Fresh trenches for the deceased are dug with backhoes in a large pit holding 150 pine boxes that are stacked three-high in two long rows. Hazmat-suited workers lift coffins, some with a name and others with “unknown” written in permanent marker and a carved grave number on the lid.
After April 3rd, paid landscaping contractors buried the bodies. For years before then, jail inmates had the unenviable job. What I found most inspiring was that these inmates, themselves knowing the stigma of being “indigents,” had found ways to honor the dead when they asked correction officers to switch the portable speaker from drum and bass to Mozart.
According to the “Washington Post,” Saxon Palmer, a former inmate who spent four months at the end of 2019 burying bodies on Hart Island, shared how he and his fellow grave diggers dignified the bodies they were burying. “As they moved the coffins out of the coroner’s truck, they’d say ‘rest in peace’ or draw a cross on the pine box, or say goodbye. We’d say, ‘Mr. Rothman, this is going to be your last trip here, we’re going to make it easy for you, nice and slow,’” Palmer said. “We just had a conversation with the coffins in a kind of gentle way.”
I admit, up to that point, I had been rankled that several articles used the word “indigent” to describe the dead, knowing that in God’s kingdom, there is no such thing. No one deserves that label. But then I thought, maybe that’s why the inmates showed such compassion. They knew, first-hand, what it was like to be rejected. They knew, first-hand, what it was like to be treated with no dignity. Perhaps some of them even knew what it was like to be innocent yet be victimized by things out of their control. For some of the deceased, it might have been the first time they had been shown that kind of respect.

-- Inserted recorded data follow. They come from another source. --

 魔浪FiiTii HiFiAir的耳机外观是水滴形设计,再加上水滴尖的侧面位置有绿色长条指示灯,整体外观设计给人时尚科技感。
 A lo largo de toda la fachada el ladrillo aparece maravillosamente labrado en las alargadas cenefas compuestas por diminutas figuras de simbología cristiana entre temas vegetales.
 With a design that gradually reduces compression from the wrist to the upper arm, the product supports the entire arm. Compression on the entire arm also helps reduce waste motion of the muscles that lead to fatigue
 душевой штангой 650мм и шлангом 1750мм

So, what do we take from this? We need to see others as God does, He who has “crowned us with glory and honor” (Psalm 8:5), in spite of how we all are sinners and fall short of His glory. (Ro. 3:23) If He can dignify us (yes, you and me), the undignified, maybe it’s time we learn from the “indigent” inmates. Saxon Palmer gave us a great place to start. Maybe we just need to “make it easy” for others less fortunate than us by striking up a conversation “in a kind of gentle way.”
Before it’s too late.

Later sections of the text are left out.